Tuesday 14 February 2017 by FIIG Research ripples_on_water Company updates

Genworth Mortgage Insurance Australia Ltd full year 2016 results

Genworth Australia released its full year 2016 results

Full year 2016 earnings

Key points:

  • Underlying NPAT is down 20% to $212.2m
  • Delinquencies stepped up to 46 bps in 2H16, driving a 35% loss ratio (consistent with guidance)
  • Capital remains strong with Prescribed Capital Amount (PCA) coverage of 1.57x. This translates to circa $400m of surplus capital above the top end of its 1.32x-1.44x target PCA. The company did not highlight any capital management activities
  • FY17 guidance:
    • Gross written premium (GWP)/Net Earned Premium (NEP): Genworth expects both to fall 10%-15% vs. FY16A
    • Loss ratio: 40-50% vs. 35% in FY16A
    • Expense ratio: 28-30% vs. 25.7% in FY16A

Customer contracts

Genworth Australia have flagged it may not renew – in full – its contract with its second largest customer, noting that the customer is “considering other alternatives to traditional lenders mortgage insurance” in particular for their less than 80% loan to value ratio portfolio.

Company FY17 guidance assumes the loss of all GWP relating to this contract. Genworth Australia also advises that its third largest customer contract, due to expire on 20 November 2017, “may or may not” be renewed. Its top three customers accounted for approximately 78% of Genworth’s total new insurance written (NIW) and 71% of GWP in FY16. Commonwealth Bank of Australia (CBA), Genworth Australia’s largest customer, recently renewed its contract to 31 December 2019.

Potential impact on BBSW+3.50% Tier 2 Notes

Summary: If Genworth Australia continues to write less business, liabilities will naturally reduce, reducing the amount of regulatory capital required to be held. As the business shrinks, capital is released which is more than sufficient to repay the $200m Tier 2 notes when they are due. At December 2016 the group held $800m of excess capital. However, Bloomberg consensus expects net income to stabilise in 2018.

New Insurance written

New Insurance written (NIW) continues to shrink, which is reducing gross written premium (GWP). However as GWP reduces, Genworth Australia needs less capital to support a smaller base of liabilities. If the company stopped or writes less new business, liabilities will naturally reduce, releasing capital.
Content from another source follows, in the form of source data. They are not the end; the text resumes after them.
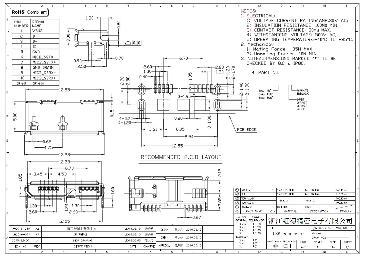 MICRO USB插座技術(shù)參數(shù):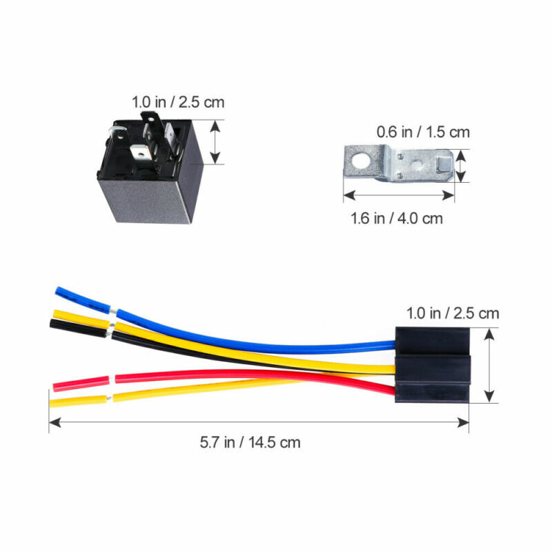 *100% Brand new and high quality. *5 pin SPDT 12V, 40 Amp electrical relay with pre-wired relay socket harness. *Relay comes with mounting tab for easy installation. *The interlocking design on the harness allows multiple harnesses to be coupled together for organization and ease of setup. *Heavy-duty impact molded relay socket with 5 wires. *This relay has a universal application and can be used in automotive setups, car sound systems, security systems, and various other applications.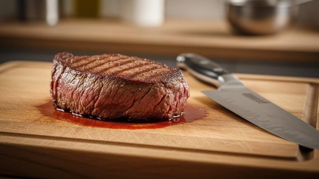 다 익은 고기는 잠시 접시에 옮겨두세요. 2~3분간 쉬게(Lesting) 해주면 육즙이 골고루 퍼져서 훨씬 부드러워져요. 이 단계를 건너뛰면 고기 썰 때 피가 흥건해질 수 있으니 주의!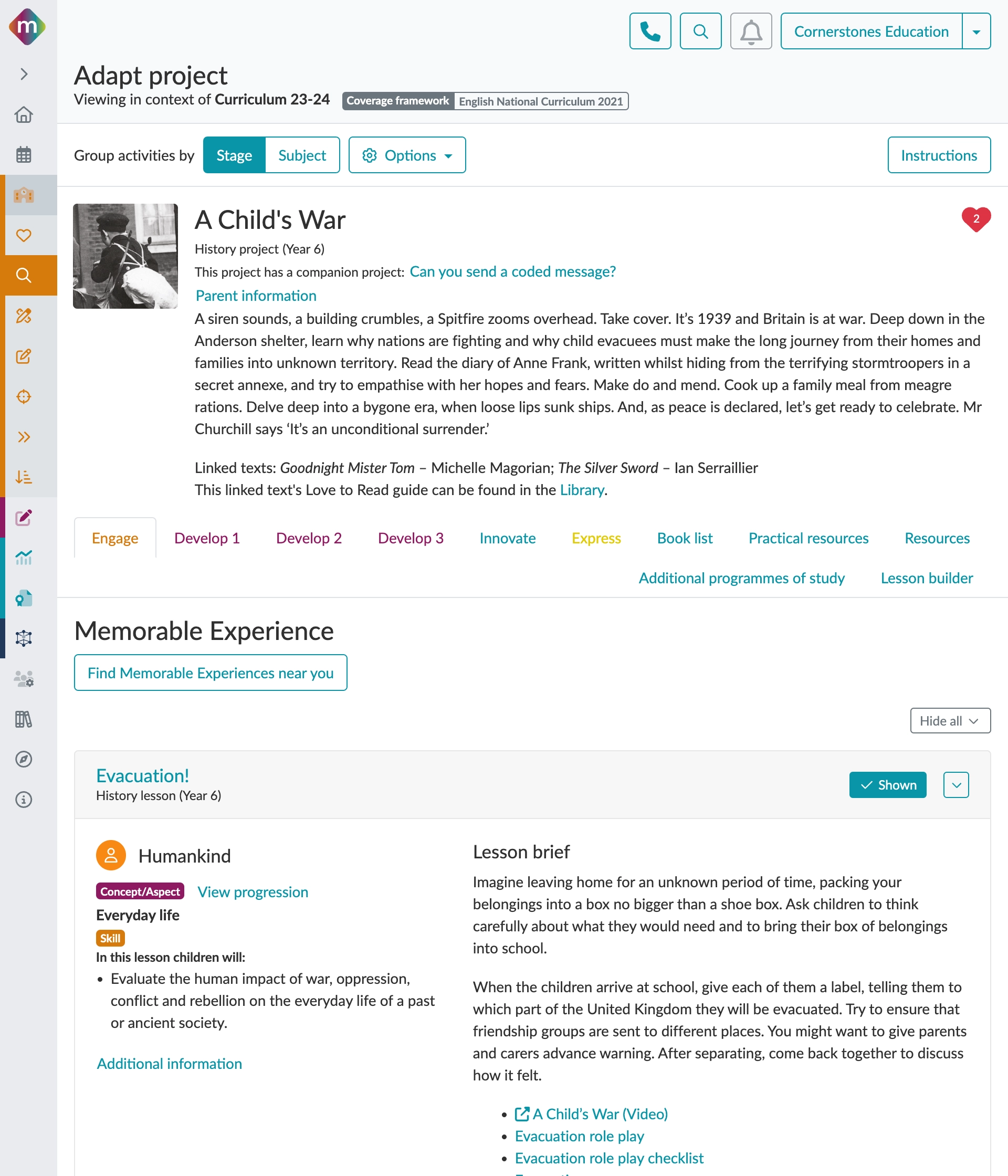 It is built upon our four-stage primary focused pedagogy – Engage, Develop, Innovate, Express – to get your children curious about the project ahead, develop and then use new skills and knowledge, before finally allowing them to express their thoughts, ideas and reflections on what they have learnt.

Source: Genworth Australia

At December 2016, Genworth held capital of $2.2bn ($2bn of common equity and $200m BBSW+3.50% Tier 2 Notes) against a minimum regulatory requirement of $1.4bn. The minimum capital requirement reduced from $1.64bn in FY15, given the reduction in premiums.

Genworth therefore holds excess capital of $800m.

Over the last few years as the business has reduced in size, and excess capital has been returned to equity investors via special dividends. If the business continues to shrink, the $200m of Tier 2 Notes may also be repaid, depending on regulatory requirements and cost of funding at the first call date.

GMA is however seeking to develop new product that better aligns with the demands of its customer base. Bloomberg Conesus forecast is for Net Income to fall from $212m in 2016 to $160m in 2017, then to $155m in 2018, before increasing in 2019 to $162m.